An appeal is a formal request made to higher court to review the action, procedure, or decision of a lower court, administrative agency, or any other body.  An appeal is made by the party who loses, or did not get all the relief he/she or it sought.  

The party intending to appeal must file a notice of appeal with the court.   A notice of appeal is a formal written notice showing a party’s intention to appeal a judgment order.  The notice with the required details must be filed with the clerk of the trial court and served on the other parties.  There is specific time limit for appealing decisions, and the notice must be filed within the allowed time.  However, extension in time may be granted where the appellant claims that the notice of appeal should have reached the clerk of the trial court by the deadline for appealing through mail.   Appealing time from an interlocutory and final order differ from each other. 

Generally, the court of appeals makes its decision based on the record of the case established by the trial court or agency.  The court of appeals also may review the factual findings of the trial court or agency but may overturn a decision on factual grounds only if the decision is clearly erroneous.

Usually, the appellate court decides cases based on the record of the case established by the trial court or agency.  The appellant and the appellee are bound to base their arguments on the proceeding and evidence as presented in the lower courts.  The written arguments presented by either party are called briefs.  In order to gain a favorable judgment the appellant must prove that the lower court decision was erroneous.   On the other hand, the appellee must show why the trial court decision was correct.  Some cases are decided based on the briefs alone but many cases are selected for an oral argument before the appellate court. 

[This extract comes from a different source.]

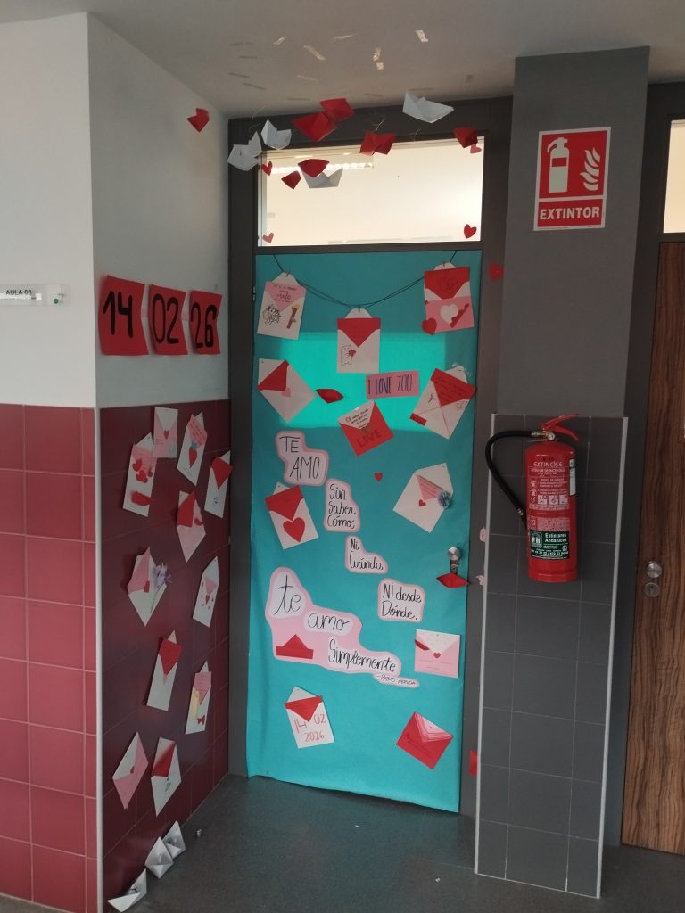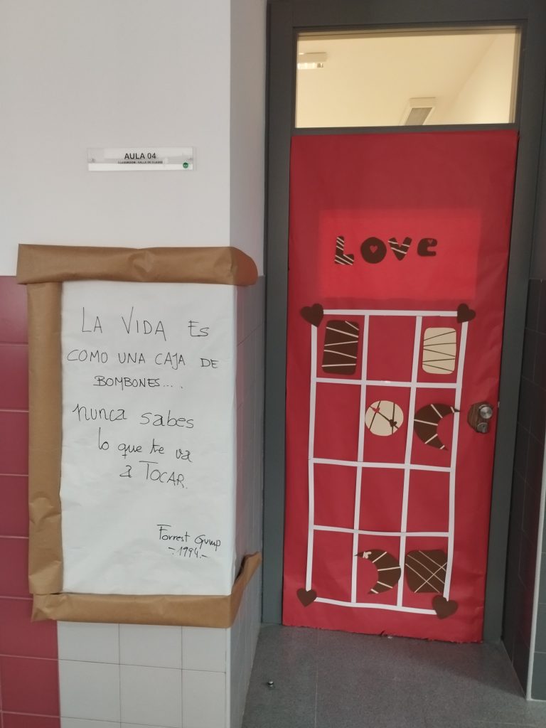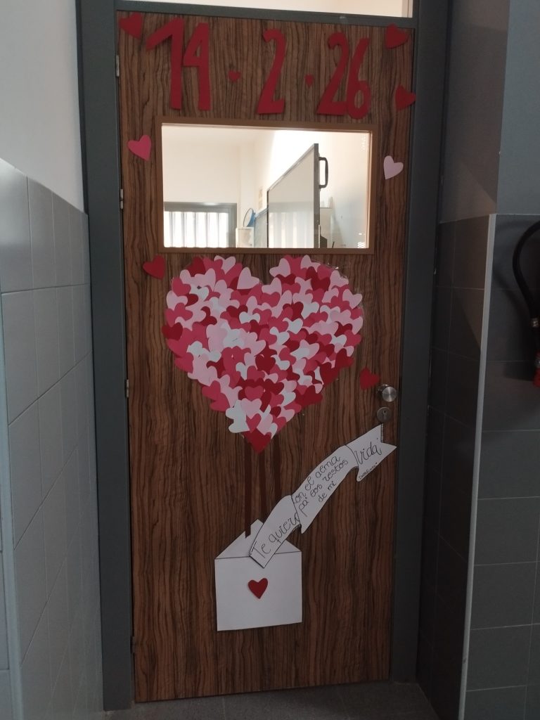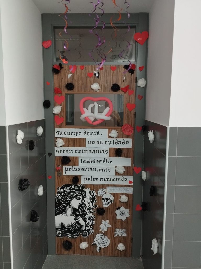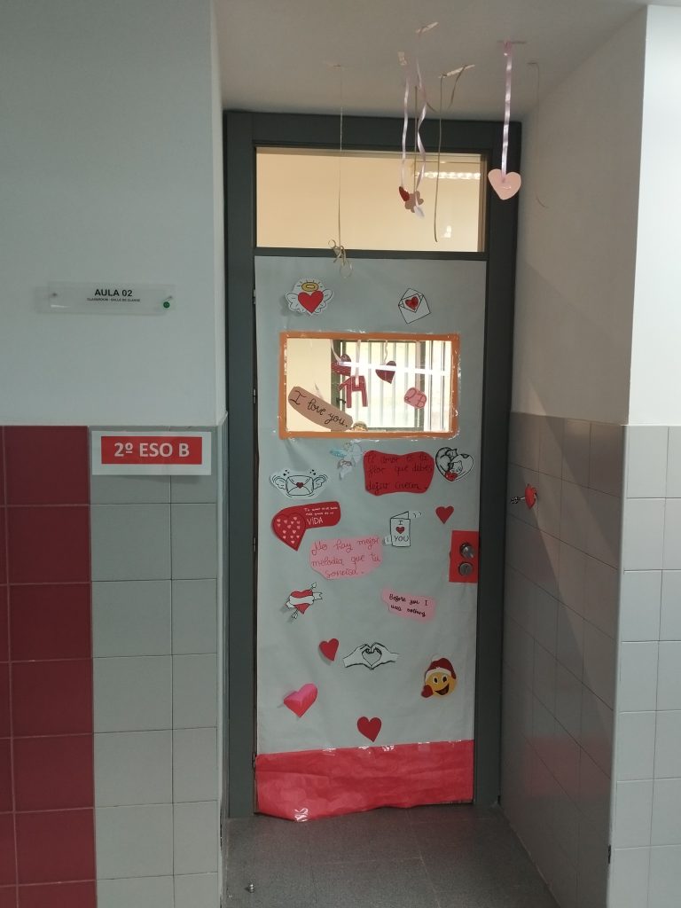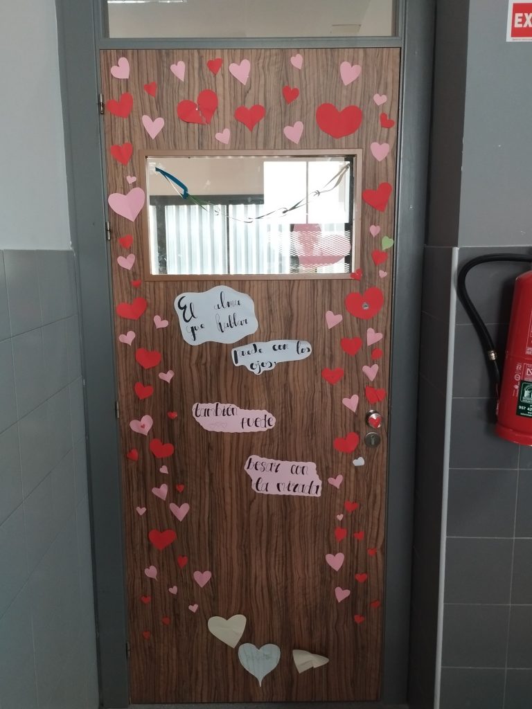 Entre las actividades que se han llevado a cabo por San Valentín desde la biblioteca del centro, este año hemos incorporado un concurso de puertas, propuesto por nuestra compañera Lola García, en el que podían participar todas las tutorías de la ESO. La condición era seleccionar una frase literaria, musical o cinematográfica y, en torno a dicha frase, decorar la puerta con motivos amorosos. Todos los grupos se han implicado muchísimo y la propuesta ha sido acogida con mucho entusiasmo. ¡El curso que viene repetiremos!

A litigant, who loses in a federal court of appeals, or in the highest court of a state, may file a petition asking the Supreme Court to review the case.  Such a petition is called a “writ of certiorari.”  However, the Supreme Court entertains a certiorari: only when it involves an unusually important legal principle; or when two or more federal appellate courts have interpreted a law differently; or under special circumstances where the Supreme Court is required by law to hear an appeal.

The prevailing party in a suit has a right to recover costs on appeal.  The right to recover costs may be provided under statute or court rule.